** Task goal **
Omit every picture and write out the rest of the records exactly.

(Saved data entries)
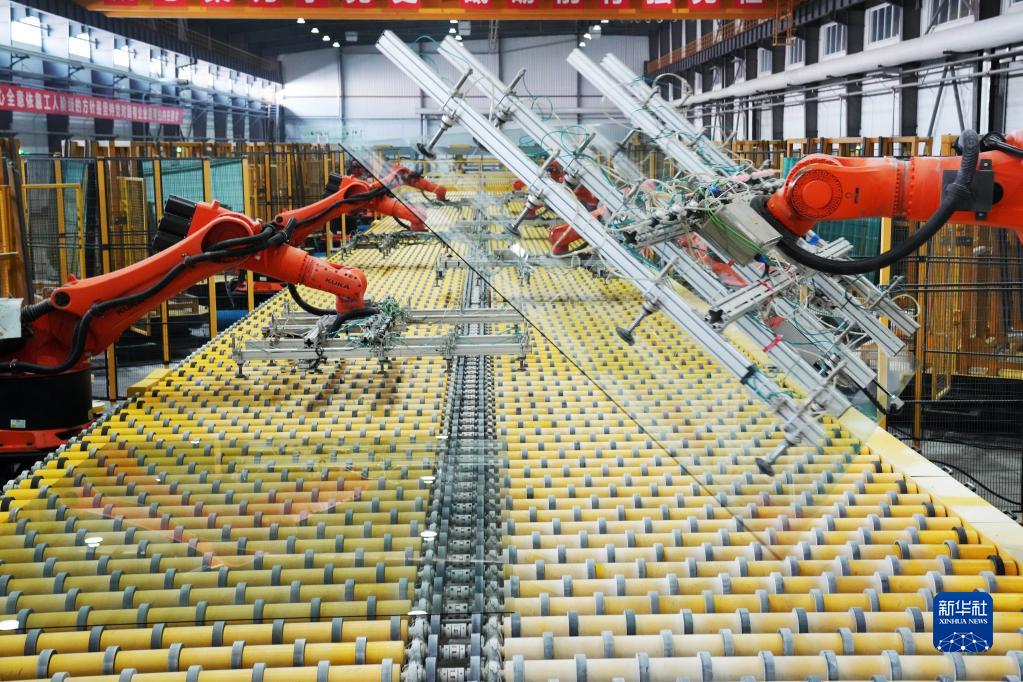 2月17日,在中建材佳星玻璃(黑龍江)有限公司車(chē)間內,智能生產(chǎn)線(xiàn)上的機械臂在作業(yè)。
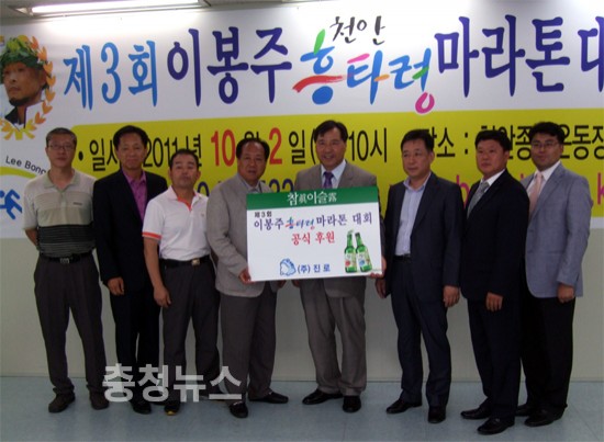 (주)진로는 ‘제3회 이봉주 천안흥타령 마라톤대회’의 성공적인 개최를 위해 지난 2일 대회조직위원회 사무국에서 조직위원장을 비롯한 조직위관계자들과 (주)진로 천안지점(지점장 장주호) 관계자들이 참석한 가운데 협약식을 가졌다.
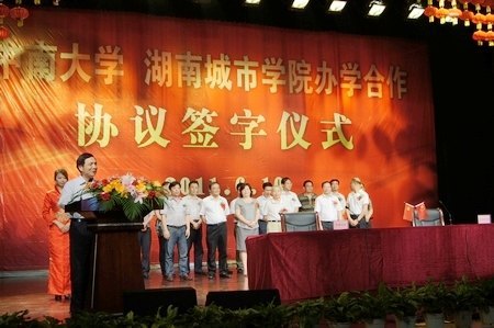 6月10日下午,中南大学与湖南城市学院办学合作协议签字仪式在益阳市举行。省教育厅副厅长申纪云、高教处处长唐利斌,益阳市副市长黄东红,中南大学校长黄伯云、常务副校长黄健柏、党委副书记徐建军,校党委常委、学校办公室主任高山,校党委规划与发展部、研究生院、本科生院、科学研究部、人事处、土木工程学院等有关单位负责人,及湖南城市学院的领导和师生代表500余人共同出席了签字仪式。
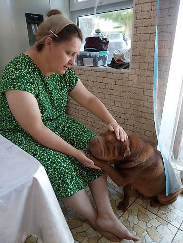 - Особенности: выраженный породный тип, крепкий костяк, сильные лапы. На фото видны классические складки кожи и плотная посадка корпуса.
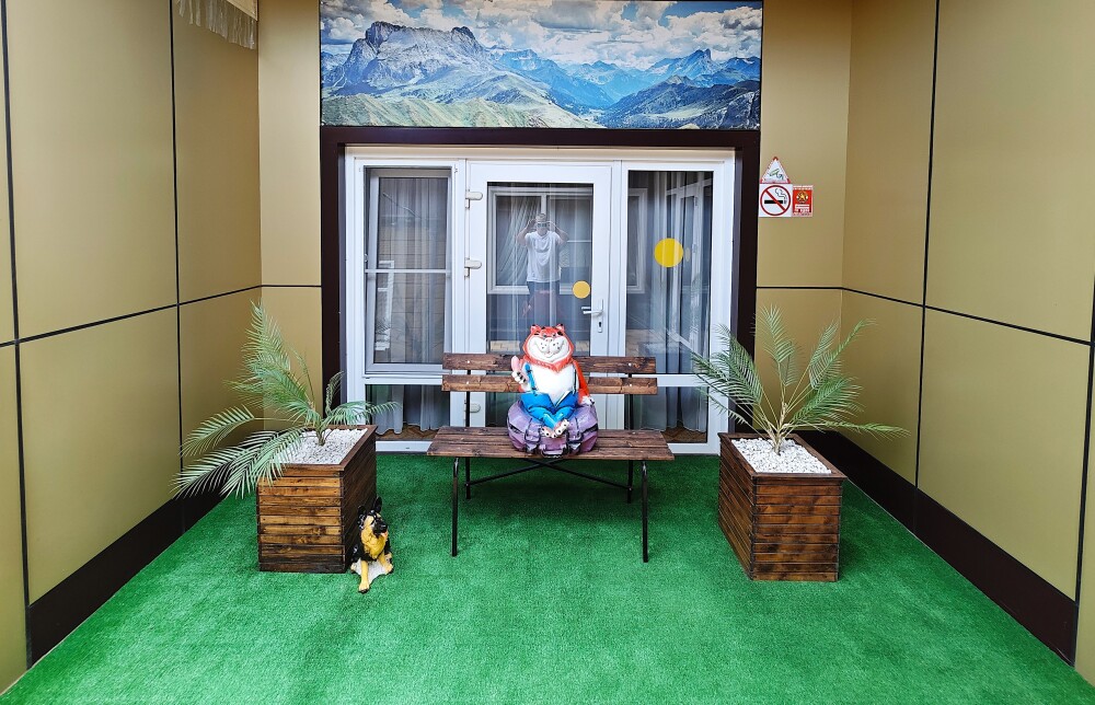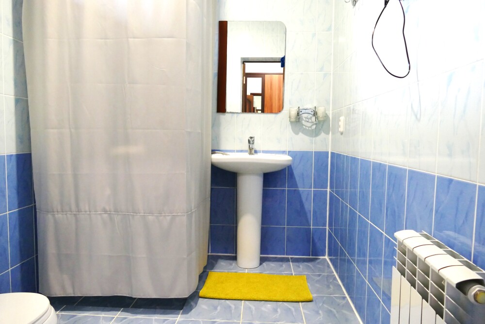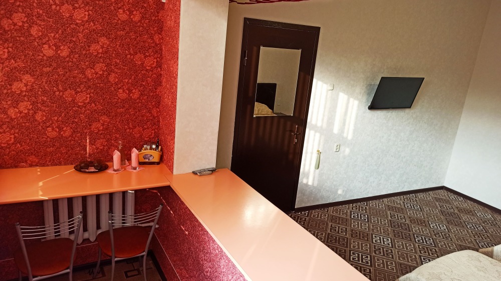 №1. Просторный номер с собственной лоджией на первом этаже отвечает всем современным требованиям комфорта. Оснащение номера: оборудован современной кроватью Box Sprinq, телевизор с плоским экраном 32», сплит система, холодильник, микроволновка, чайник, барная стойка с необходимой посудой и многое другое. В ванной комнате: душ, туалет, бесплатные гигиенические принадлежности: мыло, шампунь, комплект полотенец. Утюг с гладильной доской на этаже.

** Response to the task **
 2月17日,在中建材佳星玻璃(黑龍江)有限公司車(chē)間內,智能生產(chǎn)線(xiàn)上的機械臂在作業(yè)。
 (주)진로는 ‘제3회 이봉주 천안흥타령 마라톤대회’의 성공적인 개최를 위해 지난 2일 대회조직위원회 사무국에서 조직위원장을 비롯한 조직위관계자들과 (주)진로 천안지점(지점장 장주호) 관계자들이 참석한 가운데 협약식을 가졌다.
 6月10日下午,中南大学与湖南城市学院办学合作协议签字仪式在益阳市举行。省教育厅副厅长申纪云、高教处处长唐利斌,益阳市副市长黄东红,中南大学校长黄伯云、常务副校长黄健柏、党委副书记徐建军,校党委常委、学校办公室主任高山,校党委规划与发展部、研究生院、本科生院、科学研究部、人事处、土木工程学院等有关单位负责人,及湖南城市学院的领导和师生代表500余人共同出席了签字仪式。
 - Особенности: выраженный породный тип, крепкий костяк, сильные лапы. На фото видны классические складки кожи и плотная посадка корпуса.
 №1. Просторный номер с собственной лоджией на первом этаже отвечает всем современным требованиям комфорта. Оснащение номера: оборудован современной кроватью Box Sprinq, телевизор с плоским экраном 32», сплит система, холодильник, микроволновка, чайник, барная стойка с необходимой посудой и многое другое. В ванной комнате: душ, туалет, бесплатные гигиенические принадлежности: мыло, шампунь, комплект полотенец. Утюг с гладильной доской на этаже.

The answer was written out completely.